La création de cette route, dans la pensée des auteurs du projet, aurait les résultats suivants : ouvrir la vallée du Saint-Maurice, la partie septentrionale des comtés d’Ottawa et de Pontiac, le pays de Témiscamingue, les portions colonisables de l’Abbitibi, et, plus tard, la région entre le lac Abbitibi et la baie d’Hudson ; diriger directement et rapidement sur le port de Québec l’immense production forestière de l’Outaouais supérieur.

Ce dessein, quelque vaste qu’il soit, rentre dans l’ordre des choses dont l’avenir nous réserve l’accomplissement. Le corollaire nécessaire de l’établissement du Nord-Ouest, et du nord des provinces d’Ontario et de Québec, c’est la construction d’une ligne directe entre les centres de l’Ouest et un port de l’Est situé à peu près sous la même latitude, que ce soit sur le fleuve, à Tadoussac, ou dans le golfe, en deçà du détroit de Belle-Isle, ou enfin sur la côte du Labrador terreneuvien. La compagnie du chemin de fer du lac Saint-Jean est en mesure d’offrir au commerce un port à Tadoussac, par la continuation de sa ligne actuelle jusqu’à cet endroit. Plus tard, quand on aura construit, comme le veut la force des choses, une ligne reliant le Manitoba à un port de l’Est, par le nord du lac Nepigon et de la province d’Ontario, la voie projetée pourra en former la section orientale.

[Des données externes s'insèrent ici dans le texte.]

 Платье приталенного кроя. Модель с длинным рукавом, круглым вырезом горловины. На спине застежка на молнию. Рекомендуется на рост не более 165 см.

C’est ce que l’on peut constater aisément en jetant un coup d’œil sur la carte. Une ligne droite, tirée de Winnipeg à Halifax, passe par la ville de Québec et est plus courte de trois cents milles, que la route suivie par le chemin de fer du Pacifique, outre qu’elle passe entièrement en pays canadien. Voilà pourquoi la construction d’une ligne directe entre les deux villes s’imposera un jour comme une nécessité nationale : et, ce jour-là, si la voie projetée entre la Tuque et l’Abbitibi est construite, elle formera, comme nous le disons ci-dessus, la partie orientale de cette ligne.

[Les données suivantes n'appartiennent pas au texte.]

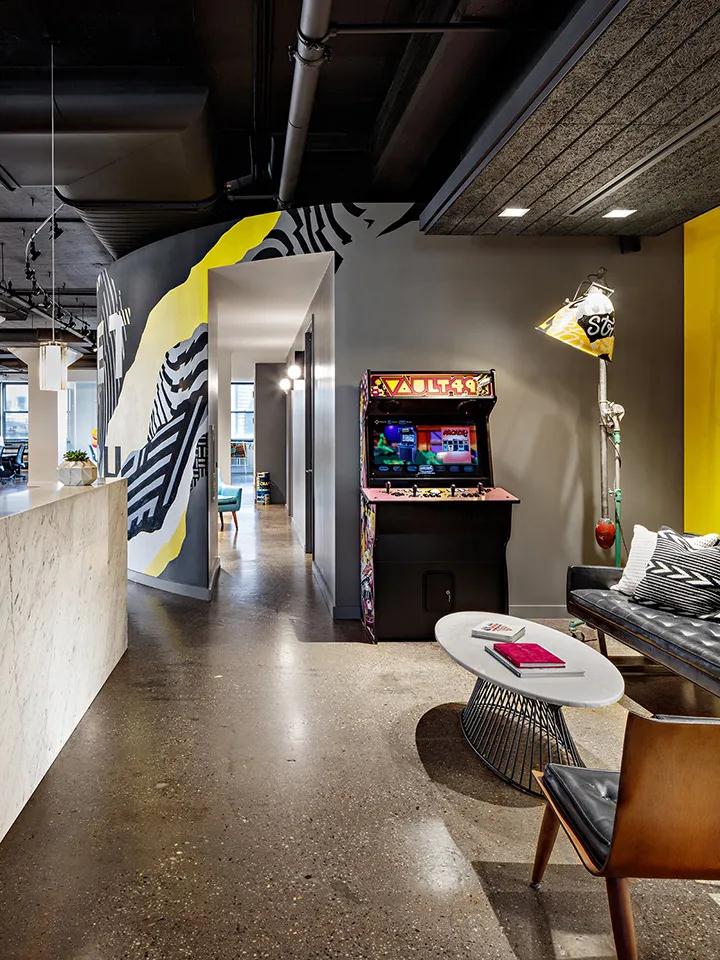 品牌創(chuàng)意設(shè)計(jì)機(jī)構(gòu)Vault49,公司起源于倫敦傳播學(xué)院的版畫室里,創(chuàng)始人在那里不期而遇,暗中相互覬覦對(duì)方的作品,合作的野心由此蔓延,兩個(gè)街頭藝術(shù)家成就了到世界創(chuàng)意工作室的傳奇故事。本案是其位于紐約的總部辦公室,Capital C Interiors裝修設(shè)計(jì)團(tuán)隊(duì)打造。

Tel est, en quelques mots, l’exposé de ce « nouveau projet », qui vient d’éclore au moment où nous écrivions la dernière page de ce livre que nous offrons au public, malgré toutes ses lacunes et ses défectuosités. Nous n’avons pas voulu le finir sans donner à un dessein de cette portée, et de cette conséquence pour la région que nous avons décrite, les honneurs d’une large publicité. Et maintenant, que les mots qui forment le titre de notre ouvrage soient aussi ceux qui le terminent ! Ce petit livre n’a-t-il pas démontré que le jour n’est pas éloigné où les habitants de l’est et de l’ouest de l’Amérique canadienne se visiteront les uns les autres en passant par l’OUTAOUAIS SUPÉRIEUR ?

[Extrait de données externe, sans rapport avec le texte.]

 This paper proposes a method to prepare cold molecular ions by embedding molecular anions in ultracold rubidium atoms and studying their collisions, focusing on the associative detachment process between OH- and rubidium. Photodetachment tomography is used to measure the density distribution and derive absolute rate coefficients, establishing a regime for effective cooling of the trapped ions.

HOTELS GENDREAU ET BÉLANGER, Baie des Pères.

  1. Dans ce document, la Compagnie du chemin de fer de Québec et du lac Saint-Jean prenait le nom de « Compagnie de Québec et de la baie de James ».
  2. Ajoutons un détail caractéristique ; c’est que les Indiens de cette région sont tenus de fournir annuellement à la Compagnie de la baie d’Hudson trente-cinq mille oies sauvages.
  3. Il est plus que probable que la province de Québec obtiendra bientôt possession du territoire de la baie de James. Dans ce cas, le meilleur moyen de coloniser ce territoire serait d’envoyer, aussitôt que possible, de Québec à la factorerie de Moose, un steamer portant un certain nombre de nos vigoureux nationaux, avec leurs familles. Ce noyau de colonie ne tarderait pas à grandir et à couvrir une bonne partie du territoire.